Security News > 2021 > July > Cyber insurance model is broken, consider banning ransomware payments, says think tank
Cyber insurance isn't exactly driving organisations to improve their infosec practices, a think-tank has warned - and some insurers are thinking of giving up thanks to the impact of ransomware.
"To date, the shortcomings of cyber insurance mean that its impact is ultimately more limited than policymakers and businesses might hope," concluded the Royal United Services Institute's latest report, Cyber Insurance and the Cyber Security Challenge.

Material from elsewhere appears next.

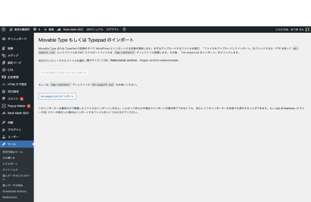 ここの「自分のコンピュータからファイルを選択」の右にファイルをアップロードできる部分があるので、さきほどはてなブログからエクスポートしたファイルをアップロードしてインポートしましょう。

"I think, based on what we've found, cyber insurance is not that silver bullet that maybe people were hoping or thought it was," report co-author Jason Nurse, a senior Lecturer in cyber security at the University of Kent told The Register.
In a world beset by all-but-untouchable ransomware gangs, cyber insurance has two selling points as far as politicians and political policymakers are concerned: insurance could help limit the financial damage to organisations hit by ransomware, while due diligence by insurers and their brokers could help force relative slackers to adopt better security hygiene.
The British government's view is that cyber insurance that pays ransoms to criminals is, as the National Cyber Security Centre put it last year, a matter for individual board members.
Although The Register asked whether it would condemn the use of cyber insurance to pay ransoms, the GCHQ offshoot wouldn't be drawn.